Systemic risks in AI training pipelines: How hidden signals propagate harmful behaviors across LLMs
Original framing: “Bad influence: LLMs can transmit malicious traits using hidden signals” — Nature
The original framing omits the role of indigenous data sovereignty in AI training, the historical parallels with colonial data extraction in the Global South, and the structural causes tied to corporate control of AI infrastructure. It also ignores the perspectives of marginalized communities whose data is often scraped without consent, as well as the lack of reparative frameworks for addressing harms caused by AI systems. Additionally, the coverage fails to contextualize this within the broader history of technological determinism in AI development.
Medium structural omission detected in mainstream coverage.
The narrative is produced by Nature, a high-impact scientific journal, which frames the problem within a technocratic paradigm that prioritizes algorithmic solutions over systemic reforms. The framing serves the interests of AI developers and corporations who benefit from the status quo of unregulated data reuse, while obscuring the role of venture capital, cloud computing monopolies, and academic-industrial complexes in driving AI proliferation. The focus on 'hidden signals' depoliticizes the issue, presenting it as an engineering challenge rather than a consequence of extractive economic models and the erosion of public oversight.
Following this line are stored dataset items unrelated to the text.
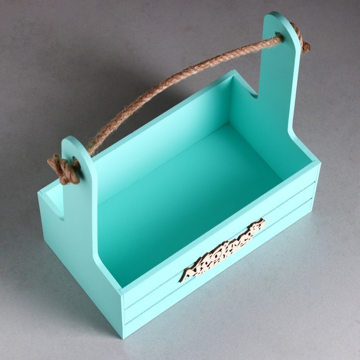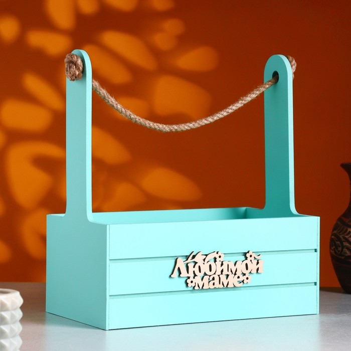 Ящик - кашпо деревянный 25х15х30 "Любимой Маме" Мятный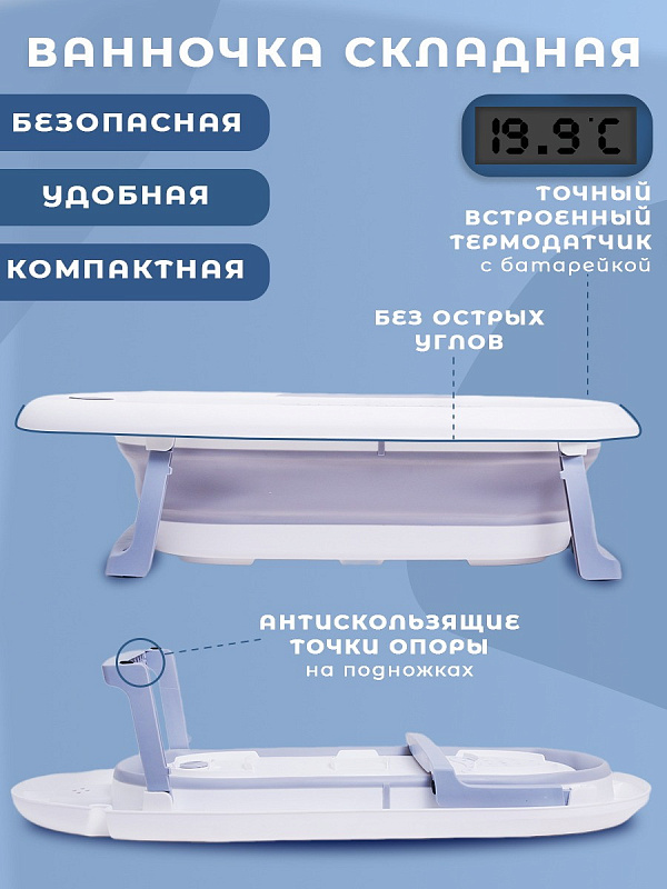 Ищете удобную и безопасную ванночку для купания вашего малыша? Представляем вам складную ванночку для новорожденных с встроенным термометром – идеальный выбор для заботливых родителей! Эта уникальная ванночка обладает рядом преимуществ, которые сделают процесс купания вашего ребенка комфортным и безопасным. Встроенный термометр позволяет контролировать температуру воды, чтобы она была идеально подходящей для вашего малыша. Теперь вы можете быть уверены, что вода не будет слишком горячей или холодной, и ваш ребенок будет наслаждаться купанием. Особенностью этой ванночки является наличие подушки, которая обеспечит максимальный комфорт вашему малышу. Мягкая и удобная подушка поддерживает правильное положение головы и шейки позвоночника, что особенно важно для новорожденных. Ваш ребенок будет чувствовать себя комфортно и безопасно во время купания, а вы сможете наслаждаться процессом без лишних переживаний. Складная конструкция ванночки делает ее идеальным вариантом для путешествий или поездок к родственникам. Вы можете легко сложить ее и положить в сумку или чемодан, не занимая много места. Это особенно удобно, когда вы находитесь вдали от дома и хотите обеспечить комфортное купание вашего малыша. Ванночка оснащена удобной лейкой, которая позволяет легко смывать мыло и шампунь с кожи ребенка. Вы сможете быстро и эффективно очистить вашего малыша, не вызывая дискомфорта или раздражения. Лейка также поможет вам сэкономить воду, что является важным аспектом в наше экологически осознанное время. Ванночка для новорожденных с термометром выполнена из высококачественного и безопасного материала, который не вызывает аллергических реакций или раздражения кожи. Вы можете быть уверены, что ваш ребенок находится в безопасности и комфорте во время купания. Мягкие края ванночки предотвращают возможные травмы или ссадины, обеспечивая дополнительную защиту для вашего малыша. Приобретая складную ванночку для новорожденных с термометром, вы получаете не только удобный и безопасный продукт, но и возможность создать незабываемые моменты во время купания вашего малыша. Позвольте ему насладиться приятной и расслабляющей процедурой, которая так важна для его здоровья и развития. Не упустите возможность сделать купание вашего малыша еще более приятным и комфортным. Закажите складную ванночку для новорожденных с термометром прямо сейчас и наслаждайтесь каждым моментом, проведенным вместе со своим малышом. Ваш ребенок заслуживает только самое лучшее!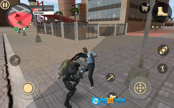 游戏界面里的图标与按钮功能如下:左侧从上往下排列着地图、奔跑、移动等按钮;右侧从上往下依次是能量显示、血量显示、上车、跳跃、绳索、攻击和脚踢功能。另外,通过手指滑动屏幕还能实现视角控制。
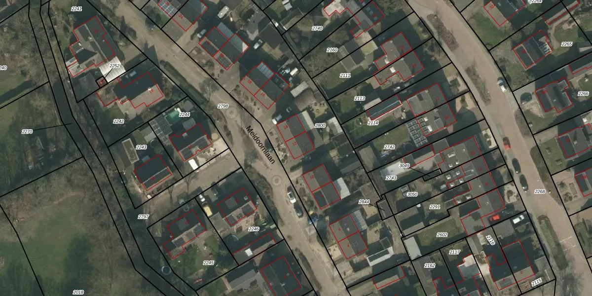 Het perceel waarop Meidoornlaan 12 staat heeft een oppervlakte van 2855 m². Dit is een zeer groot perceel. De perceeloppervlakte wordt geregistreerd door het Kadaster. Gedetailleerde informatie over de maten van dit perceel kunt u vinden in het rapport Kadastrale kaart met maatvoering van Meidoornlaan 12.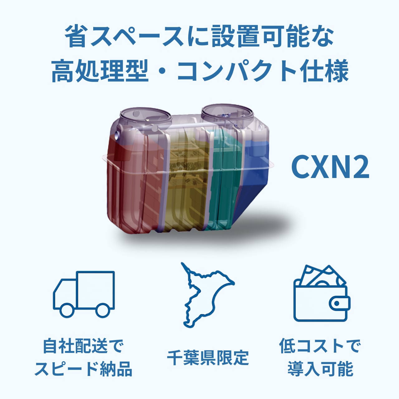 信頼と実績のあるアムズ社製「CXN2型」浄化槽を、千葉県内限定で販売中。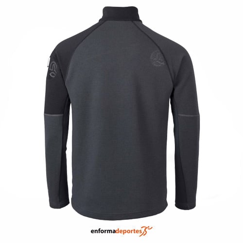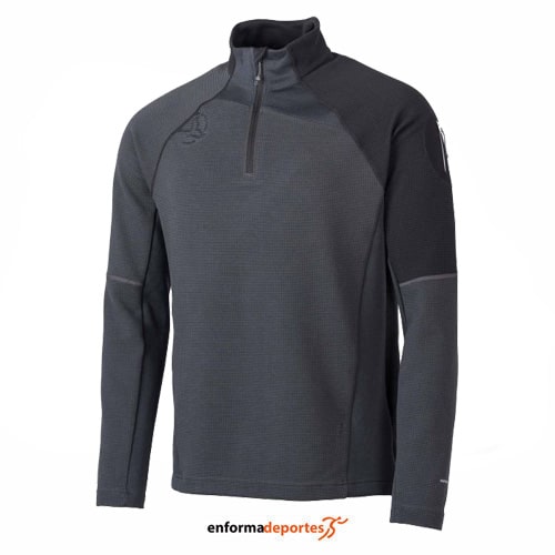 Camiseta hombre TERNUA LEMIK, segunda capa con media cremallera, confeccionada en tejido WARMSHELL poliester reciclado, ligero, cálido, transpirable y de secado rápido, elástica y de patrón atlético que proporciona una excelente libertad de movimientos, con cremallera frontal que ofrece ventilación extra, costuras planas, protector de barbilla para evitar el roce de la cremallera, bolsillo de brazo pegado con cremallera y muy buena resistencia al pilling. También incorpora superficie en 3D optimizando el secado y el aislamiento; con acabado con tratamiento de repelencia al agua (DWR) libre de PFC’s.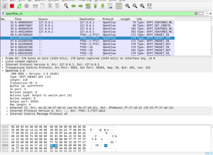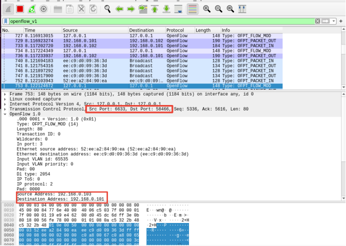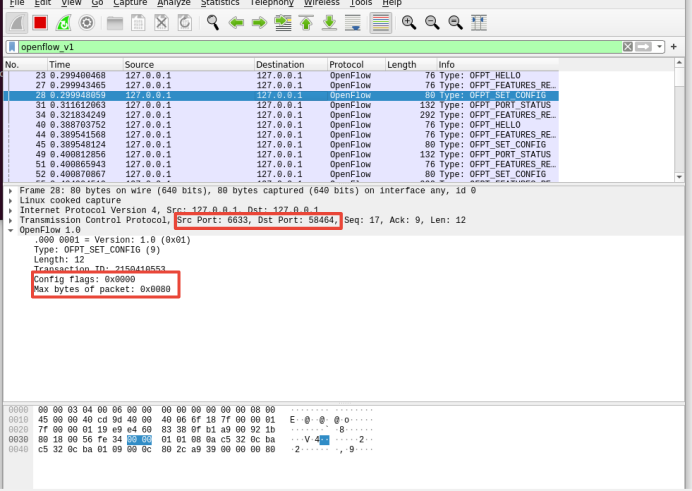 分析抓取的flow_mod数据包,控制器通过6633端口向交换机58464端口 下发流表项,指导数据的转发处理
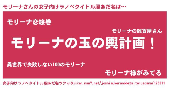 | 男性向けラノベタイトル風あだ名 | 『モリーナ~年齢イコール彼女いない歴の魔法使い~』 |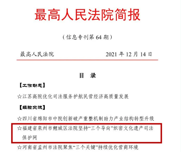 近日,最高人民法院简报以“福建省泉州市鲤城区法院坚持‘三个导向’织密文化遗产司法保护网”为题,报道鲤城法院在文化遗产司法保护方面的工作举措和成效。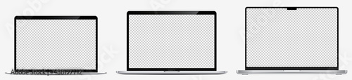 The watermark will not be included on Wall mural.: Device screen mockup - realistic open laptop in three varieties with blank screen for you design - vec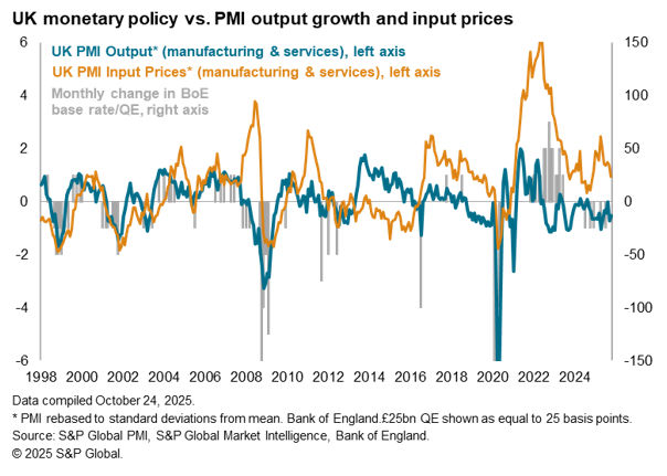 While the flash PMI data indicated current strong US growth persisting into October, the surveys also showed business confidence waning in the US amid concerns over the impact of government policy, especially tariffs. The impact of these tariffs will also be assessed on other economies, and weighed against any support to economic growth from other factors. The eurozone flash PMI data in particular showed welcome signs of domestically-driven growth, and firms in mainland China reported improving economic conditions in September thanks to expanding sales to both domestic and non-US customers. However, while other economies such as India, Thailand and Vietnam are also seeing rising manufacturing sales, downturns were reported in many other economies such as Japan, Taiwan, Brazil, Mexico and Canada, often blamed on US tariffs (read our September global manufacturing overview here).
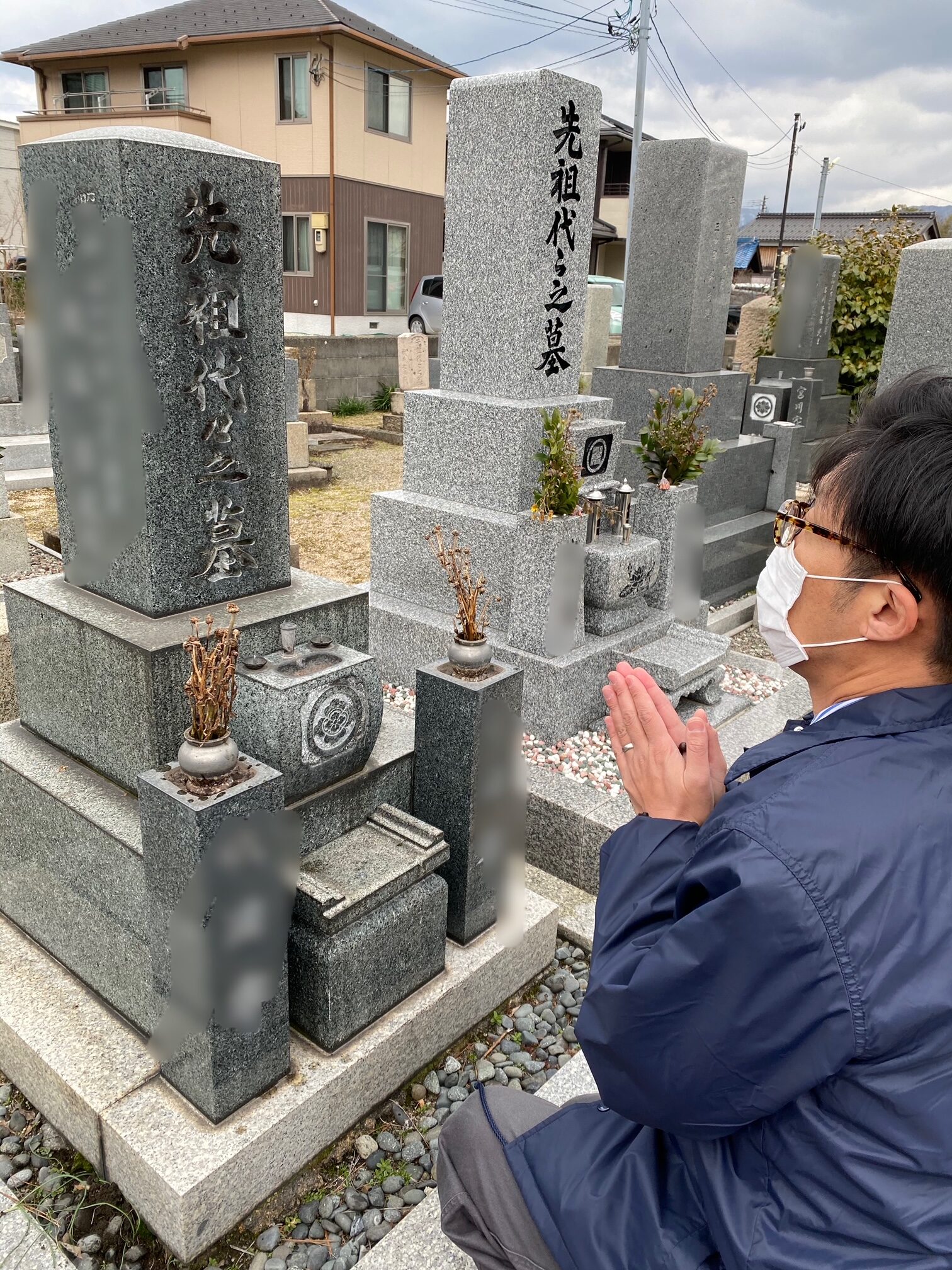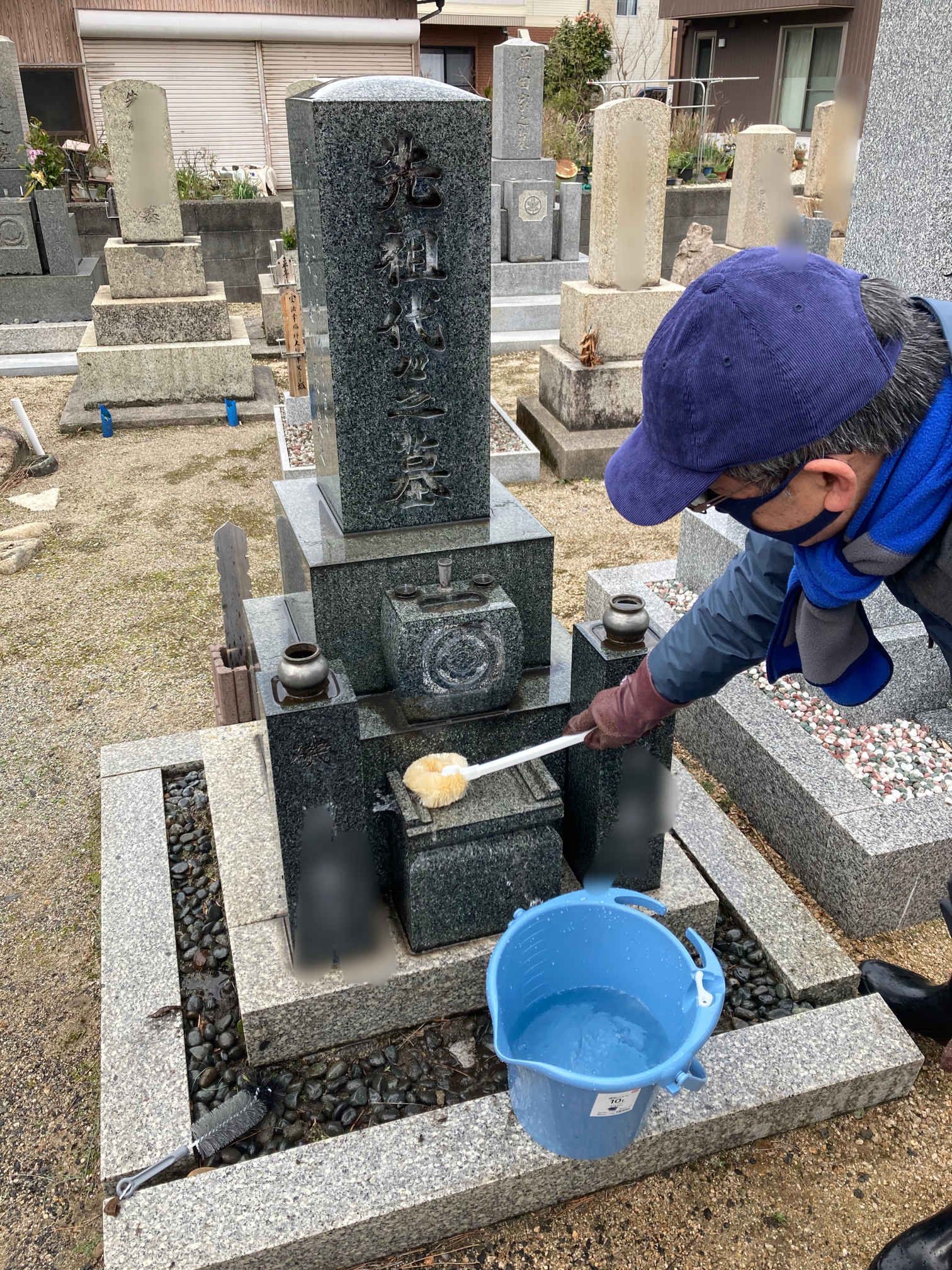 空き家巡回の実地研修後は、そのまま「お墓参り・お墓掃除代行サービス」の実地研修を行いました。今回は季節柄春前ということもあり、ほぼお墓周辺には雑草がない状態でしたが、これも季節によっては異なります。

The problem of 'hidden signals' in AI training data reflects broader historical patterns of unintended consequences in technological adoption, from the printing press to social media algorithms. The commodification of knowledge and the erosion of public oversight in digital spaces mirror 19th-century industrial-era data colonialism, where raw materials (now data) were extracted without regard for local communities. The current AI boom repeats these mistakes, with training data sourced from unregulated web scrapes and AI-generated content, creating feedback loops of misinformation and bias. Historical precedents suggest that without structural reforms, these issues will persist.
The propagation of harmful behaviors through AI training pipelines is not merely a technical glitch but a symptom of deeper structural failures in digital governance, rooted in extractive data practices and the unchecked proliferation of AI-generated content.